On May14, 2024 Digital Utilities Ventures, Inc., a Delaware Corporation (the “Company”), consummated a Common Stock Purchase Agreement (“Agreement”), made effective March 31, 2024, by which it acquired a majority interest (51%) in Feed Earth Now, LLC, an Illinois limited liability company (“FEN”) in exchange for shares of common and preferred stock of the Company, as follows:



1. The Company has issued One Hundred Million (100,000,000) shares of common stock to the owners of FEN.

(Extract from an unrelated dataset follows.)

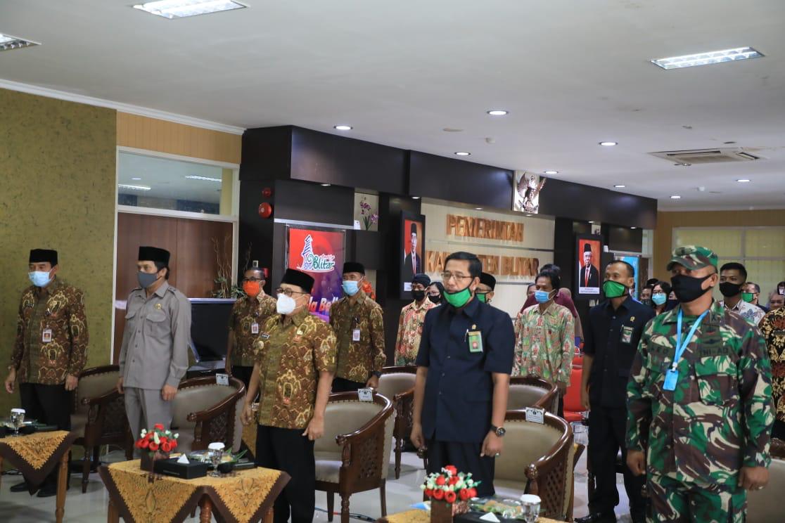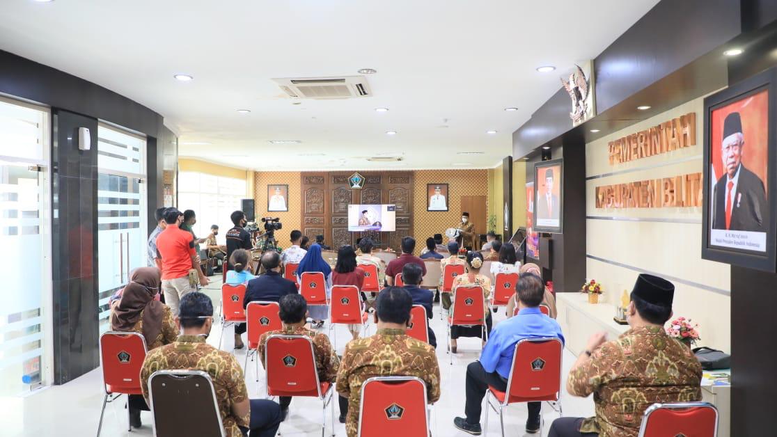 Kegiatan ini dihadiri Bupati Blitar Drs. H. Rijanto, MM bersama Forkopimda, Ketua TKKSD, Inspektur beserta Camat se-Kab Blitar (melakui zoom metting).

2. The Company has also issued One Hundred Forty Million (140,000,000) Class “C” Preferred Shares to the owners of FEN. The Class “C” Preferred Shares have conversion rights into Class A Common Stock on a 1:1 basis and also carry a 10:1 voting preference in relation to the Class A Common Shares.

Additionally, the Company has restructured its outstanding debt to FEN of $337,000 into a promissory note (the “Note”) at the rate of 5% per annum, with a six-month maturity and with payments as follows:

a) Payment of Five Thousand Dollars ($5,000) per month applied first to restructuring delay fees, then interest then principal reduction until the Note is fully satisfied;

b) Additionally, there is an ongoing payment to FEN for use of the FEN technology by the Company equal to 20% of the sales of the Easy FEN Modular Microbial Production Equipment, half of which will be applied first to outstanding interest and then to principal reduction on the Note. The remaining half is currently due and owing pursuant to prior agreements between the parties unrelated to the Note. Upon full payment of the note and interest to FEN, FEN will then continue to receive a reduced on going 10% of Easy FEN Equipment sales.

The Note will be automatically renewed for another 180 day period as long as a minimum of Sixty Thousand Dollars ($60,000) is paid against the note in each 180 day period until interest and principal are paid in full. There is no prepayment penalty.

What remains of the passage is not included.